We know that for-profit prison companies have been turning to state mental health services for new contracts. One of them, Correct Care Solutions, is a spin-off of the Geo Group, the second biggest private prison company in the country. Correct Care is a known potential bidder for operating the proposed new facility.

Last February, an organization known as Grassroots Leadership published a critical report about Correct Care Solutions. The report, “Incorrect Care: A Prison Profiteer Turns Care Into Confinement,” notes that many contracts the firm receives are done behind the scenes, out of public view.

Other states have learned the hard way that introducing the profit motive for forensic mental health directly undermines patient care and that contracting out this service means less transparency and accountability for patients, their families and the people of Maine, according to the Grassroots Leadership report.

Staff, patients, family and advocates have a lot of questions about this new facility, and the department has yet to answer them.

Legislative leaders from both parties have raised serious concerns about the lack of transparency the administration has been showing in its proposal of this facility.

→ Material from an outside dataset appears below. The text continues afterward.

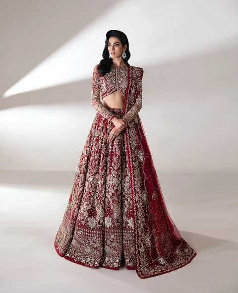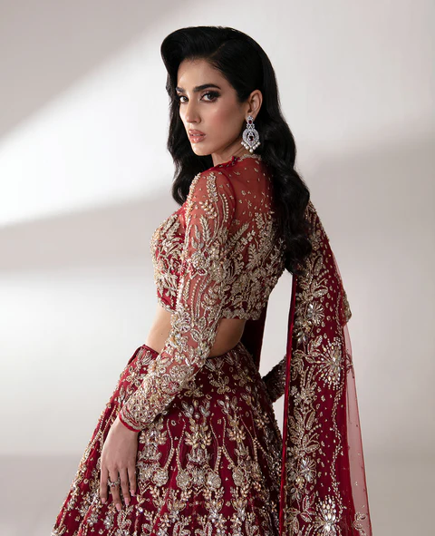 This exquisite net lehenga-choli ensemble blends traditional craftsmanship with contemporary flair. The front-open choli dazzles with hand-placed sequins, dabka, and nakshi, featuring 3D fabric leaves and delicate pearl beading. The lehenga showcases a detailed jaal border with raisham threads in silver and gold, while the organza dupatta adds elegance with a chata patti border in three colors and intricate sequin detailing. A coveted jewel in bridal couture, this ensemble epitomizes elegance and artisanship.

Sen. Roger Katz, House Speaker Sara Gideon and Rep. Drew Gattine are calling for a hearing and legislative oversight before such a major decision about Maine’s mental health service structure is made. This will help ensure the high level of transparency and accountability that Maine people, especially our patients, deserve.

Lisa Cromwell is a mental health worker at Riverview Psychiatric Center in Augusta. She is a member of American Federation of State, County and Municipal Employees Local 1814.